Entries taken from a collection
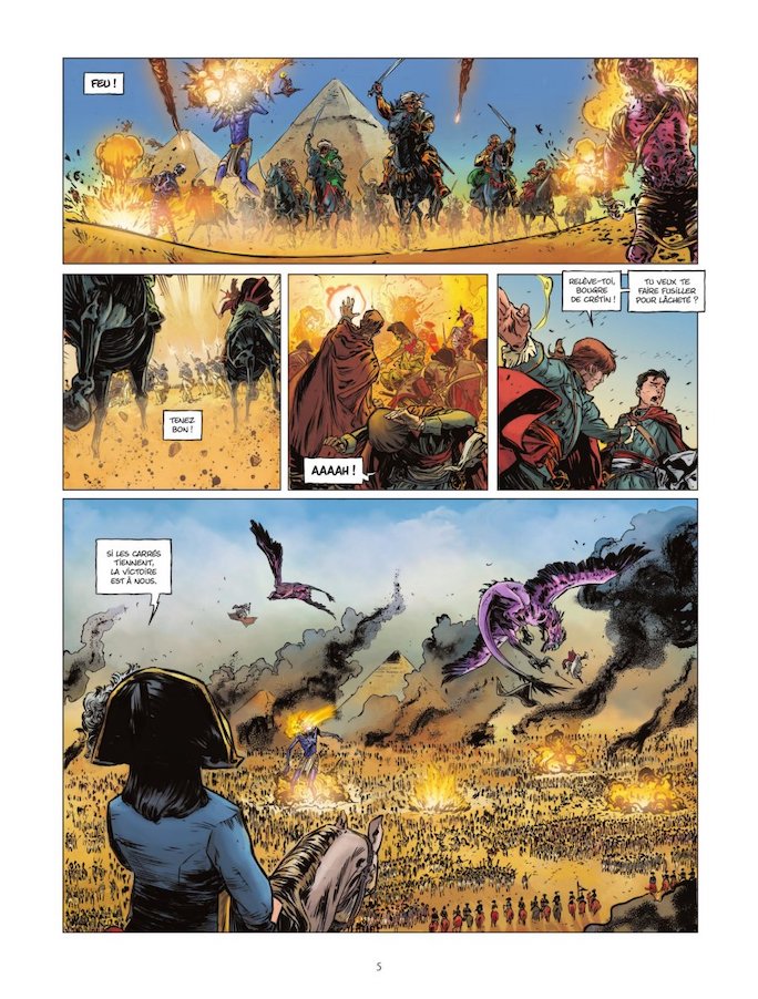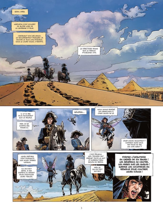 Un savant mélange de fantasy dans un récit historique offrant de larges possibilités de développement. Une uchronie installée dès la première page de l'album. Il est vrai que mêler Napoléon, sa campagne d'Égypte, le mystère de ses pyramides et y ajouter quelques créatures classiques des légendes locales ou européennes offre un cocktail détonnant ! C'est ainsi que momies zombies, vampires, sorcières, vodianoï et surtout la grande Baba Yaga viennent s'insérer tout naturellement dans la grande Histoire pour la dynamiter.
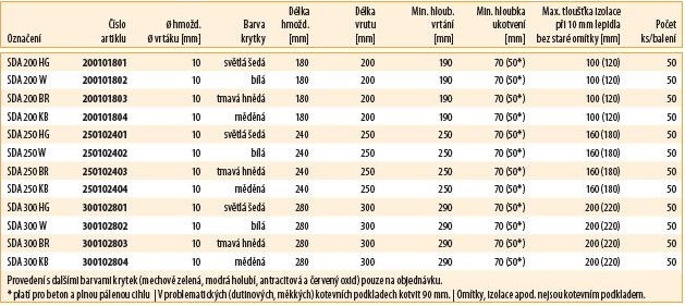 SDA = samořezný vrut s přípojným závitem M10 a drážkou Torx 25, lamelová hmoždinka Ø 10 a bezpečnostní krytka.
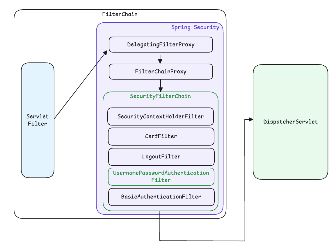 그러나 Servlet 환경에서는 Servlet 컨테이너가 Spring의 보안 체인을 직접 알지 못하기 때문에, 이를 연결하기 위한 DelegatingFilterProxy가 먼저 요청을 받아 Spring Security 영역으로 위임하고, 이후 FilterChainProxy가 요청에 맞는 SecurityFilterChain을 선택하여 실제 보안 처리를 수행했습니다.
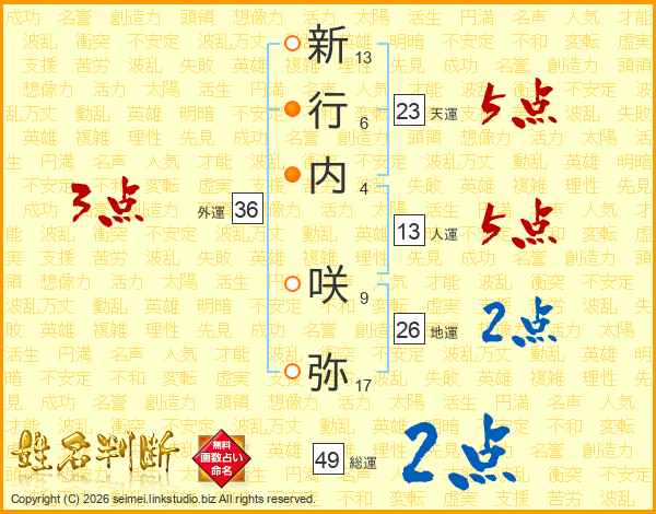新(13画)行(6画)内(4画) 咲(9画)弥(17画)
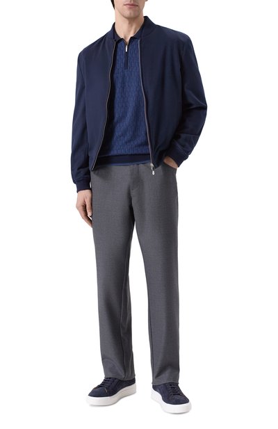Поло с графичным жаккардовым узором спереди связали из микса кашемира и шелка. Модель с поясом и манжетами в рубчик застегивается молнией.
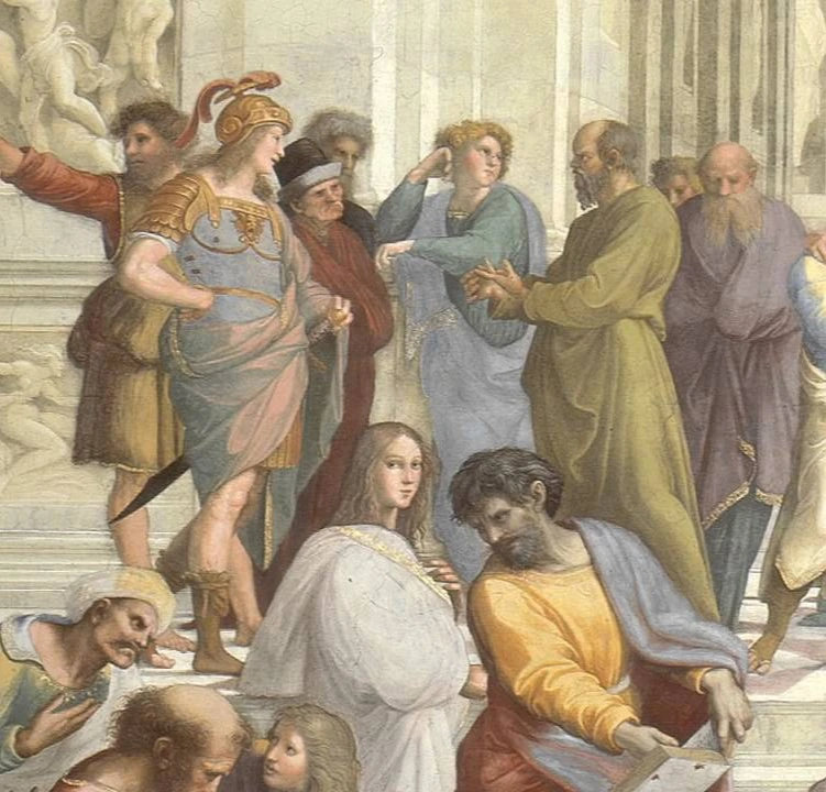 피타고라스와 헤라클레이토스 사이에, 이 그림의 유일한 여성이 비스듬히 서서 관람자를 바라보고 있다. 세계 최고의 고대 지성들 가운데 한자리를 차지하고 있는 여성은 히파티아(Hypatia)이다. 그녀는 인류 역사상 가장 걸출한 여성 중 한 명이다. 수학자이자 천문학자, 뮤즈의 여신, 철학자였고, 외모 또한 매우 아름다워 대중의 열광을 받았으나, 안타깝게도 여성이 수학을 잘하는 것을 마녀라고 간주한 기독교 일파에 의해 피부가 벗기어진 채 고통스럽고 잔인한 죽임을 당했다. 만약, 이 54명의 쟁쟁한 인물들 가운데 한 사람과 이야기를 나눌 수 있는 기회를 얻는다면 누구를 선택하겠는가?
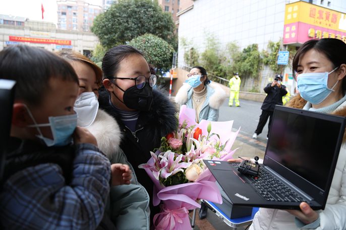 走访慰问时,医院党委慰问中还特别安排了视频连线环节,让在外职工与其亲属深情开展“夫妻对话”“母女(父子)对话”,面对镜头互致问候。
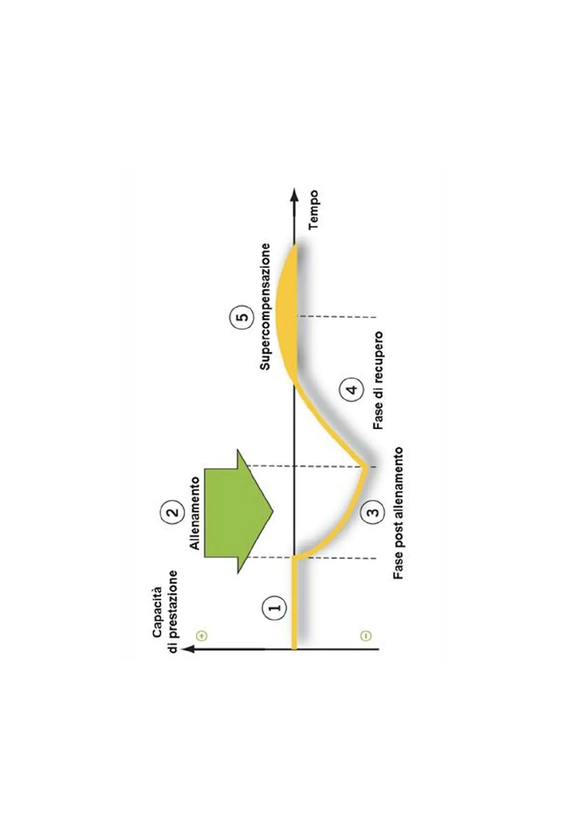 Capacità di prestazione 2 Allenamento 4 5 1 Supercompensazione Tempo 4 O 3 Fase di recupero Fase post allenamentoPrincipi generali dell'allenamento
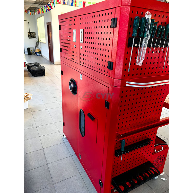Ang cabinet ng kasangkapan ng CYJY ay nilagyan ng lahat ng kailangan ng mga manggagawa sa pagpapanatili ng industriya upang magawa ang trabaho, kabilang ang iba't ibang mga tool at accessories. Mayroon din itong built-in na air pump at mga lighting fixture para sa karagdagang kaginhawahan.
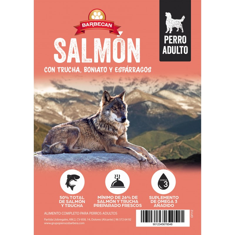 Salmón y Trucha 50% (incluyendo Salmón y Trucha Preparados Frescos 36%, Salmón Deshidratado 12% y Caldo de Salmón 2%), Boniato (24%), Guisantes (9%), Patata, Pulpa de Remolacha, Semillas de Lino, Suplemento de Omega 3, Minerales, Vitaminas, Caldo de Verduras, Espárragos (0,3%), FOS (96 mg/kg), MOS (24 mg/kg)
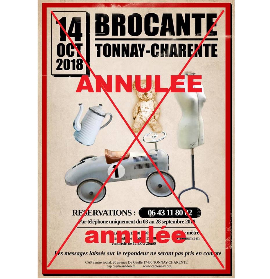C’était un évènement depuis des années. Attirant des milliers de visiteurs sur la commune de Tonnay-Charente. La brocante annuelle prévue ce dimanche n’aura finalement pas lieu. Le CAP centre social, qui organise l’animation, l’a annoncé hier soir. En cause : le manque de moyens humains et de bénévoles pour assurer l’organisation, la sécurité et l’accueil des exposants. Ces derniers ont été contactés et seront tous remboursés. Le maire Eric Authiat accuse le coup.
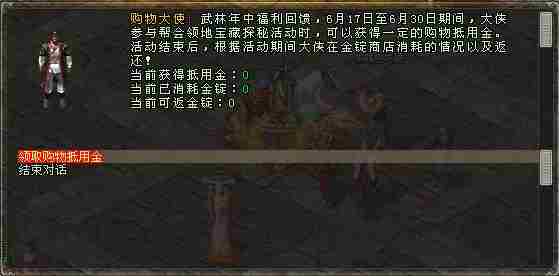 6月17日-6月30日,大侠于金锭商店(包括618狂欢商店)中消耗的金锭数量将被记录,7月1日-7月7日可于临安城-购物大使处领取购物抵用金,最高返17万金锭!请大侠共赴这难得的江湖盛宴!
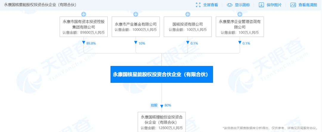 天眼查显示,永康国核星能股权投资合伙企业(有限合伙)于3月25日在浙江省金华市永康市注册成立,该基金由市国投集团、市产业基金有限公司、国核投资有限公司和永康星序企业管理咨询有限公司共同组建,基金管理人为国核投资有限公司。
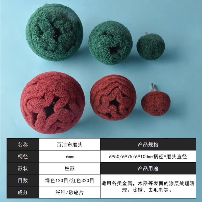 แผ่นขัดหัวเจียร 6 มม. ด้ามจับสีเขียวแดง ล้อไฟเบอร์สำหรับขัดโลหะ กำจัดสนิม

EXERCISE — Please give again the entries word for word, starting at the first line and ending with the line that contains "Поло с графичным"; include both of those lines but none of the pictures.

EXERCISE ANSWER —
 Un savant mélange de fantasy dans un récit historique offrant de larges possibilités de développement. Une uchronie installée dès la première page de l'album. Il est vrai que mêler Napoléon, sa campagne d'Égypte, le mystère de ses pyramides et y ajouter quelques créatures classiques des légendes locales ou européennes offre un cocktail détonnant ! C'est ainsi que momies zombies, vampires, sorcières, vodianoï et surtout la grande Baba Yaga viennent s'insérer tout naturellement dans la grande Histoire pour la dynamiter.
 SDA = samořezný vrut s přípojným závitem M10 a drážkou Torx 25, lamelová hmoždinka Ø 10 a bezpečnostní krytka.
 그러나 Servlet 환경에서는 Servlet 컨테이너가 Spring의 보안 체인을 직접 알지 못하기 때문에, 이를 연결하기 위한 DelegatingFilterProxy가 먼저 요청을 받아 Spring Security 영역으로 위임하고, 이후 FilterChainProxy가 요청에 맞는 SecurityFilterChain을 선택하여 실제 보안 처리를 수행했습니다.
新(13画)行(6画)内(4画) 咲(9画)弥(17画)
Поло с графичным жаккардовым узором спереди связали из микса кашемира и шелка. Модель с поясом и манжетами в рубчик застегивается молнией.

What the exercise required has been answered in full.